SOURCE INFORMATION:

╭──

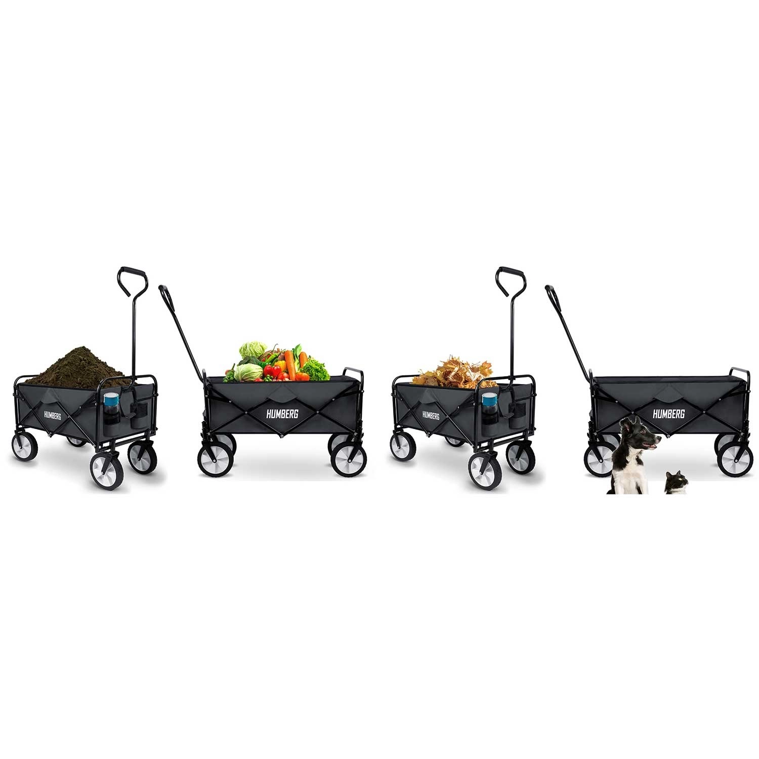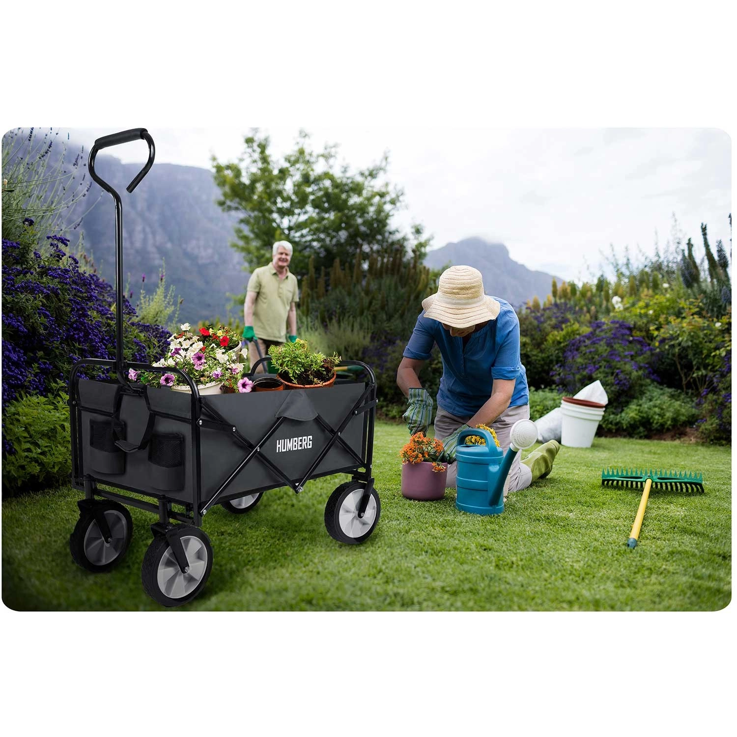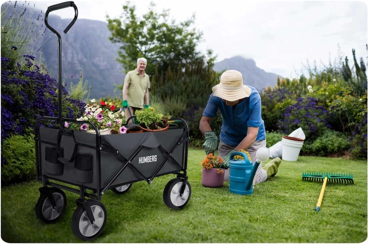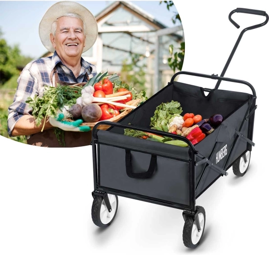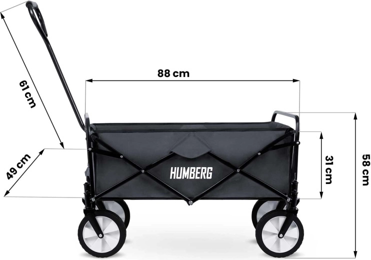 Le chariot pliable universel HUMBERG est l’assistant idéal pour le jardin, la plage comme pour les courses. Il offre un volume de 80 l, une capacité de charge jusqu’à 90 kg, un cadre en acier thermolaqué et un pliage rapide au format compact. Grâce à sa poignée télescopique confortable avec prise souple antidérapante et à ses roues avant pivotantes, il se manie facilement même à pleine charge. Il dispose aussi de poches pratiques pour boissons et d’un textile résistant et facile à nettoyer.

╰──
╭──

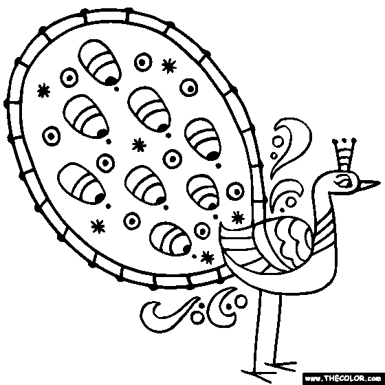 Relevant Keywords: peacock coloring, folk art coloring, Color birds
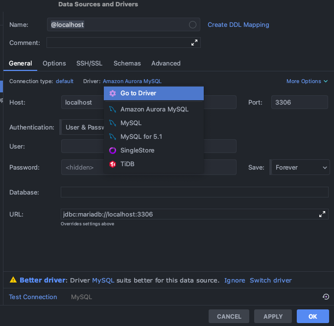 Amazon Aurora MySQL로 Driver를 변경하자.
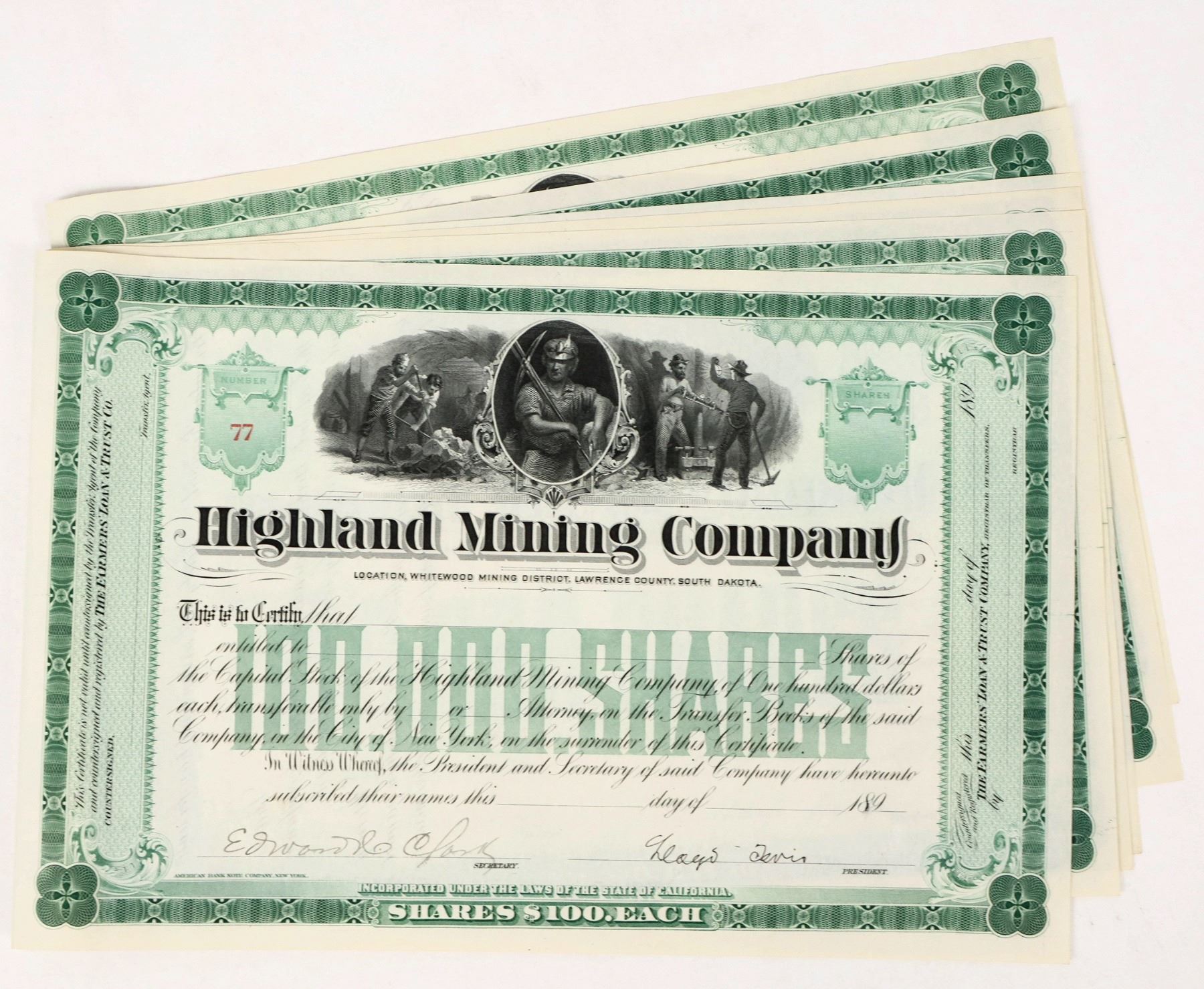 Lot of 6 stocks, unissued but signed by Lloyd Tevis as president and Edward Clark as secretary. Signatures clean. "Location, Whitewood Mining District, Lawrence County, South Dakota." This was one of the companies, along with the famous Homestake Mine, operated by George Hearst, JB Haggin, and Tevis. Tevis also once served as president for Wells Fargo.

╰──

YOUR INSTRUCTIONS:
When you reach the line with "Relevant Keywords: peacock" in the records above, start writing out each line exactly, and stop after the line with "Lot of 6 stocks, unissued". Pictures stay out.

REPLY:
 Relevant Keywords: peacock coloring, folk art coloring, Color birds
 Amazon Aurora MySQL로 Driver를 변경하자.
 Lot of 6 stocks, unissued but signed by Lloyd Tevis as president and Edward Clark as secretary. Signatures clean. "Location, Whitewood Mining District, Lawrence County, South Dakota." This was one of the companies, along with the famous Homestake Mine, operated by George Hearst, JB Haggin, and Tevis. Tevis also once served as president for Wells Fargo.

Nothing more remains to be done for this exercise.